Pogrzebał Turów Zgorzelec
Pan Radosław Piesiewicz, prezes Energa Basket Ligi wypowiedział się na temat Turowa Zgorzelec. Powiedział tak: To skandal, że Turów popadł w takie długi. A potem ogłosił, że nasza drużyna nie zagra w ekstraklasie w sezonie 2018/19, co tak naprawdę oznacza koniec koszykówki w Zgorzelcu.
- Jaki stanowczy - pomyślałem. - Jaki niezłomny - przyszło mi do głowy. Jaki prawy i sprawiedliwy! No i bingo!
Wrzuciłem sobie w Google to nazwisko, żeby się dowiedzieć czegoś więcej o włodarzu polskiej koszykówki. Do tej pory mało mnie ten pan obchodził, ale okazuje się, że to ciekawa postać. Na portalu polskikosz.pl znalazłem taką oto charakterystykę pana prezesa: „Ma 36 lat, jest byłym wiceprezesem PZPS, posadę w siatkówce dostał ponoć dzięki znajomości z politykiem PiS Jackiem Sasinem, jego działalność badało CBA. (...) O nowym prezesie PLK było głośno w kontekście siatkówki i polityki – na początku 2017 roku „Newsweek” napisał duży tekst o ówczesnym członku zarządu i wiceprezesie PZPS. W siatkówce Piesiewicz zajmował się relacjami ze sponsorami i kontaktami zewnętrznymi. „Newsweek” pisał o nim wprost – że jest człowiekiem polityka PiS Jacka Sasina. W długim artykule opisane są niejasne interesy, a także tajna operacja CBA, która sprawdzała, czy Piesiewicz pomagał w urzędach załatwiać za pieniądze pozwolenia na budowę deweloperom. Piesiewicz informacjom „Newsweeka” zaprzeczył. Ale po publikacji tekstu z działalności w PZPS zrezygnował. Wcześniej, gdy zostawał członkiem zarządu PZPS, mówiono o nim, że ma być dla siatkówki tym, kim dla piłki ręcznej był polityk PiS Adam Hofman – dobrze ustawionym człowiekiem, który przyciągnie pieniądze spółek skarbu państwa. To wpisywałoby się w ciągoty PZKosz, który od miesięcy szuka sponsora. Właśnie wśród spółek skarbu państwa."

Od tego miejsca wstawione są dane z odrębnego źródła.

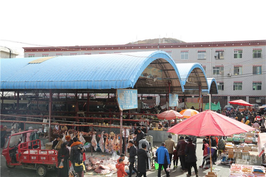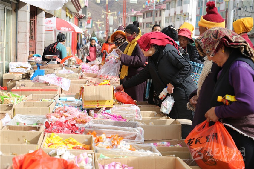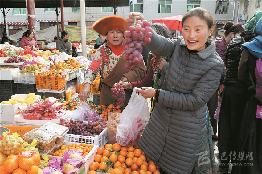 新都鎮(zhèn)格色村的丹真大哥和老伴兒其吉牽著8歲的孫子正在干果店里挑選各類干果,身后的背簍里水果、蔬菜、酥油、牛肉等農(nóng)畜產(chǎn)品以及中國結(jié)、年畫、對聯(lián)、掛圖等吉祥的節(jié)日物品應有盡有。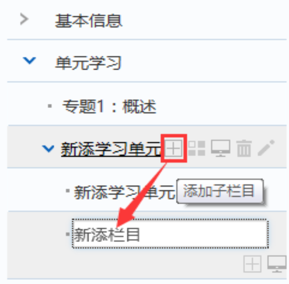 向下扩展按钮;用于自定义栏目的添加,如若创建与固定栏目(“基本信息”、“单元学习”、“随堂教学”等)平级的栏目,点击即可向下新增。 |

Prawda, że ciekawe dossier? Jeśli ktoś po jego przeczytaniu dalej ma wątpliwości, że sportem w Polsce rządzi polityka, ten jest chyba bliskim krewnym najsławniejszego polskiego obieżyświata, nieustannie wędrującego do Pacanowa. Meee...
Skoro więc mamy już ustalone, że pan prezes Piesiewicz rządzi koszykówką z nadania PiS, zgorzeleckim Turowem rządzi prezes z nadania PiS i sponsorem zgorzeleckiego Turowa - Polską Grupą Energetyczną - również rządzą prezesi z nadania PiS, to mnie osobiście nasuwa się natarczywe jak mucha przy niedzielnym kompocie pytanie: Co się kurna w tym PiSie dzieje, że się chłopcy z PiSu w sprawie koszykówki w Zgorzelcu nie dogadali? Czyżby zgorzelecki PiS i jego liderzy tak mało znaczyli w ogólnopolskiej hierarchii PiS? Dlaczego PiS postanowił udupić PiS? Tak się chłopcy puszyli w szatni po jednym z meczów, że tyle mogą, że uratują, że tacy są fajni? I co? Makao i po makale! Nie ma Turowa. Na zieloną łąkę poszły się paść 54 lata wspaniałej historii klubu. Tylko dlatego, że zgorzeleckim PiSem rządzą cienkie Bolki, które nie potrafią ugrać nic dla swojego regionu, swojego miasta, dla ziemi po której biegali w deszczu i chlapali się w kałużach. I ich koledzy z warszawskiego PiSu właśnie im pokazali miejsce w szeregu - wracajcie chłopaki zgorzelczaki i zawidowiaki do kałuż. Tam wasze miejsce. I nic tu ująć, nic dodać. I tylko Turowa szkoda!